Eye is the most developed sensory organ which provides us a binocular vision. The light rays entering both the eyes are converted to neuro-electrical impulses by retina, and carried to the brain by optic nerve to form a single three-dimensional image. The retina receives the light that the cornea focuses through the eye’s lens. Hence, cornea is imperative for a clear vision, its transparency and shape provides a better and sharp vision. Transparency of the cornea is a vital importance and it is maintained by the regular arrangement of the collagen. The cornea is made up of three layers, the outermost epithelial layer, the middle stromal layer and the innermost endothelial layer. The corneal epithelial and the corneal stromal layers are separated by a thin layer called bowman’s layer, whereas the corneal stromal and corneal endothelial layers are separated by descemet’s layer. Corneal diseases like scarring, ulceration, keratoconus, fuch’s endothelial dystrophy, and corneal injuries, can damage the corneal transparency leading to a blurred vision or complete loss in vision. Epithelial and stromal injuries can be cured by the eye itself by regenerating new cells or by the process of corneal wound healing.

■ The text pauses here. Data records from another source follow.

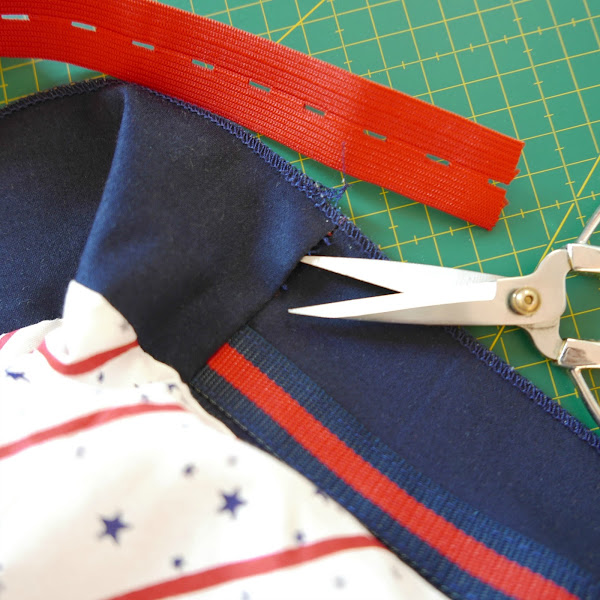 Y cortar la goma de ojales, como veis la dejaremos más corta para que quede fruncida:
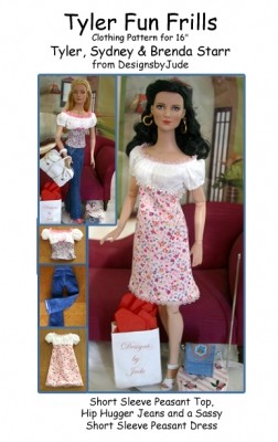 Clothing pattern to fit 16" fashion dolls; Tyler, Sydney, Betty Ann, Brenda Starr, Jac and their friends. The pattern includes a short sleeve peasant top, hip hugger jeans and a short sleeve peasant dress with short sleeves. Pattern has been designed to use with cotton, cotton blends, light weight denim or similar fabric. PDF version prints on A4 and 8 1/2 x 14 legal size paper. This design is also available for Ellowyne and the Teen Body Tonner dolls.
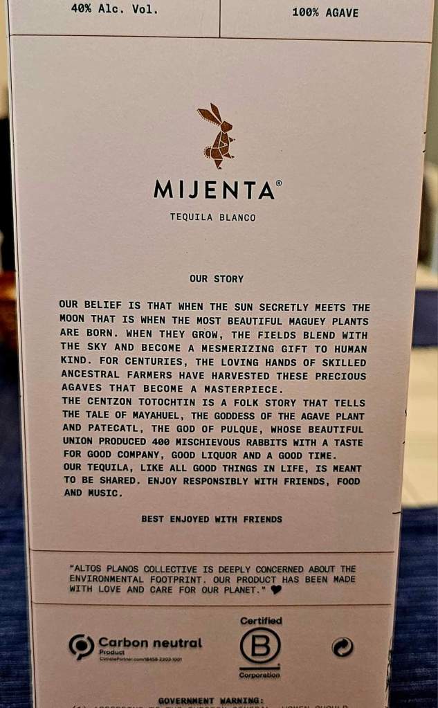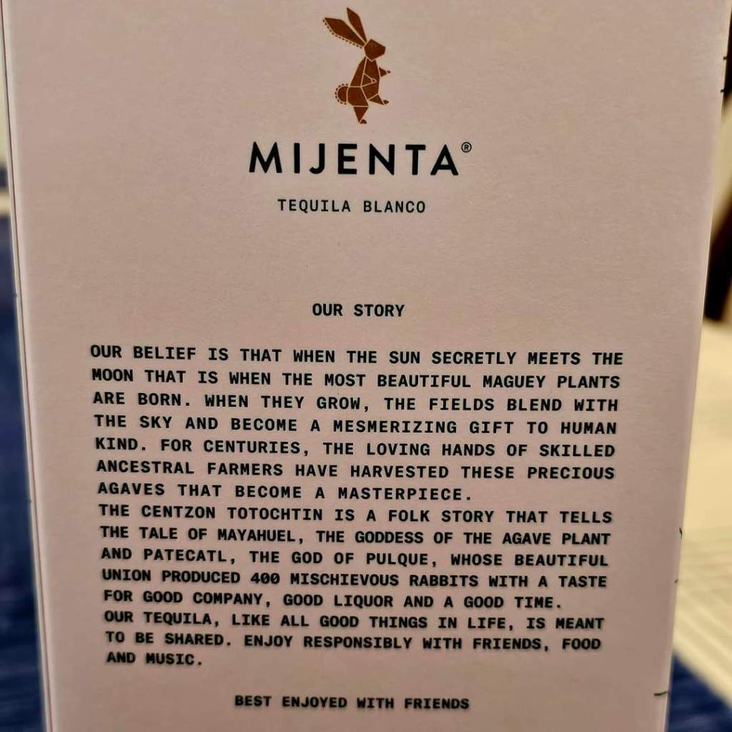 Mijenta’s brand logo is a rabbit, taken from the “400 Rabbits” (Centzon Tōtōchtin) Aztec myth about the children of the goddess of agave, Mayahuel, with each representing a different type or stage of intoxication. When a person drank too much, they were believed to become temporarily possessed by one of Mayahuel’s children.
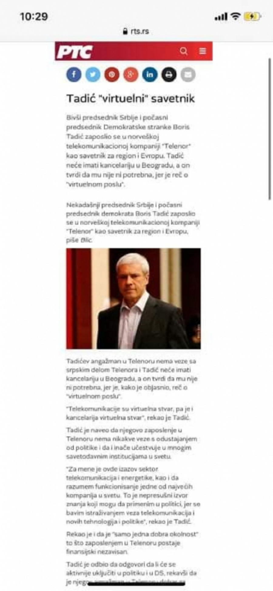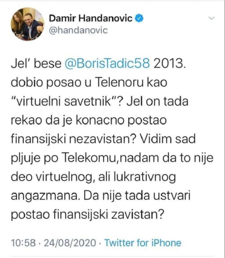 - Jel beše Boris Tadić 2013. dobio posao u Telenoru kao "virtuelni savetnik"? Jel on tada rekao da je konačno postao finansijski nezavistan? Vidim sad pljuje po Telekomu, nadam se da to nije deo virtuelnog, ali lukrativnog angažmana. Da nije tada u stvari postao finansijski zavistan? - napisao je Damir Handanović na svom Tviter nalogu.
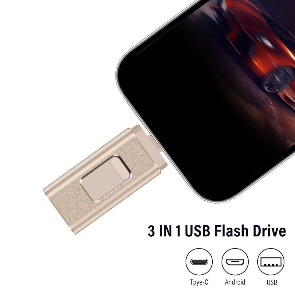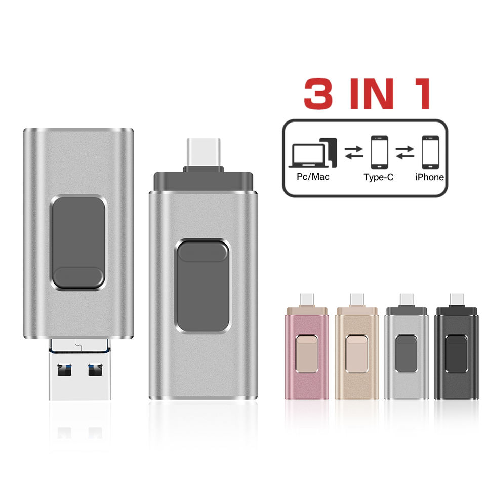 Clé USB OTG pour smartphone Clé USB 3 en 1 Type-C 3.0 Clé USB 16 Go 32 Go 64 Go Mémoire USB
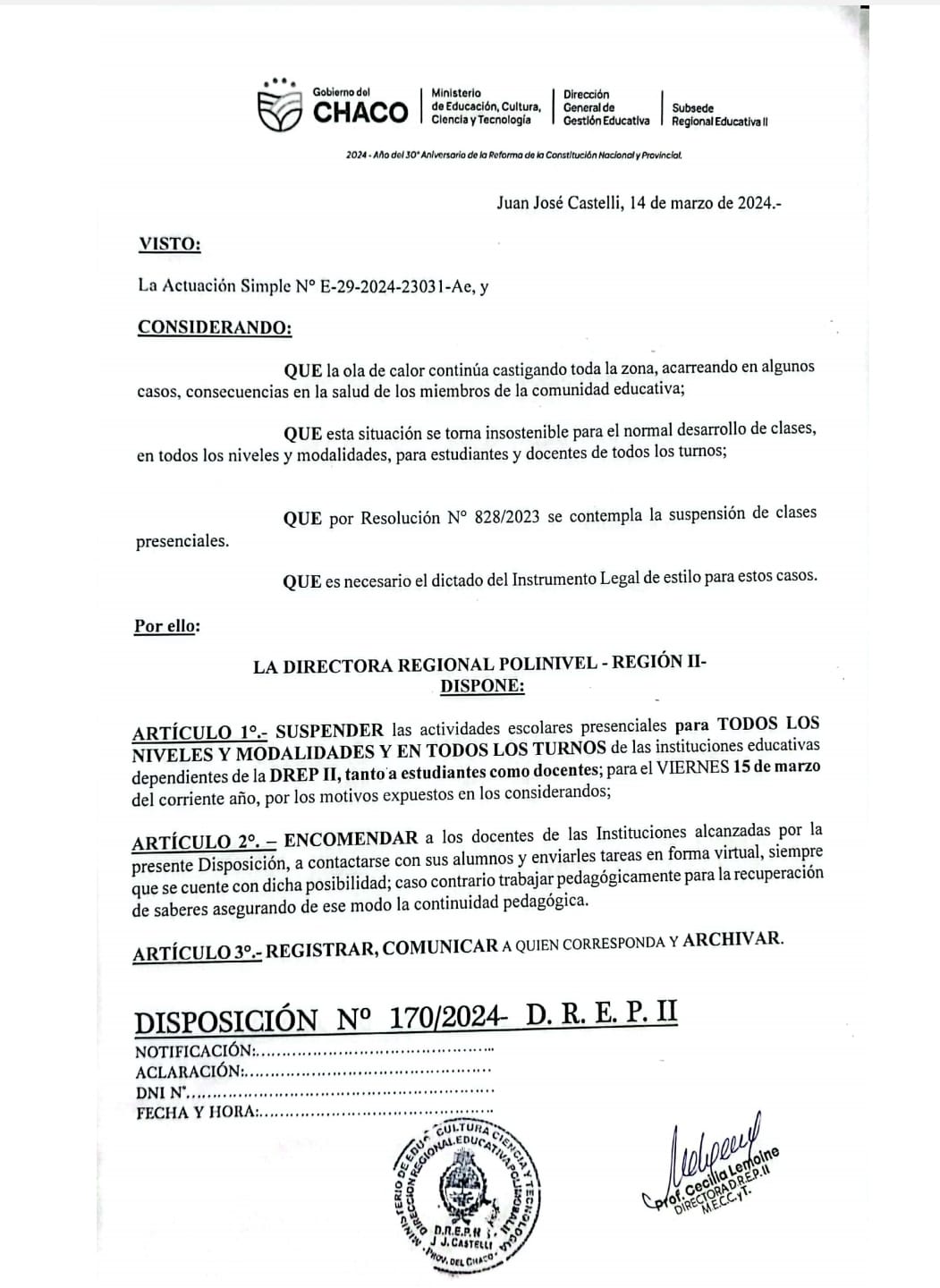 Mediante la Disposición N° 170/24 firmada por la Directora Regional, profesora Cecilia Lemoine, se encomienda a los docentes tomar contacto con sus alumnos y enviarles actividades en forma virtual en caso de ser posible; o de lo contrario trabajar posteriormente para compensar los contenidos.

The limbus present between the cornea and conjunctiva consists of highly proliferative limbal stem cells (LSCs), which regenerates the epithelium and stroma. LSCs differentiate into two different types of stem cells that are, limbal epithelial stem cells (LESCs) and limbal stromal stem cells (LSSCs). LESCs regenerates corneal epithelial cells, whereas LSSCs differentiate into keratocytes, which participate in wound healing. These stem cells are cultured in-vitro and transplanted to the patient to cure or reduce corneal damages. Stroma covers almost 90% of the corneal thickness, Hence, study of corneal stroma is necessary in order to understand the functioning of cornea more clearly. In this experiment LSCs are cultured in-vitro in 2% (serum) DMEM-F12 complete media to obtain limbal stromal stem cells. The doubling time and cell proliferation of human LSSCs under in-vitro condition are determined by counting the cells using hemocytometer using the dye exclusion method (by using the reagent trypan blue), and MTT assay. The study is done on sub-cultured LSSCs under two different conditions, i.e in 2% and 0% (serum-free) DMEM-F12 complete media.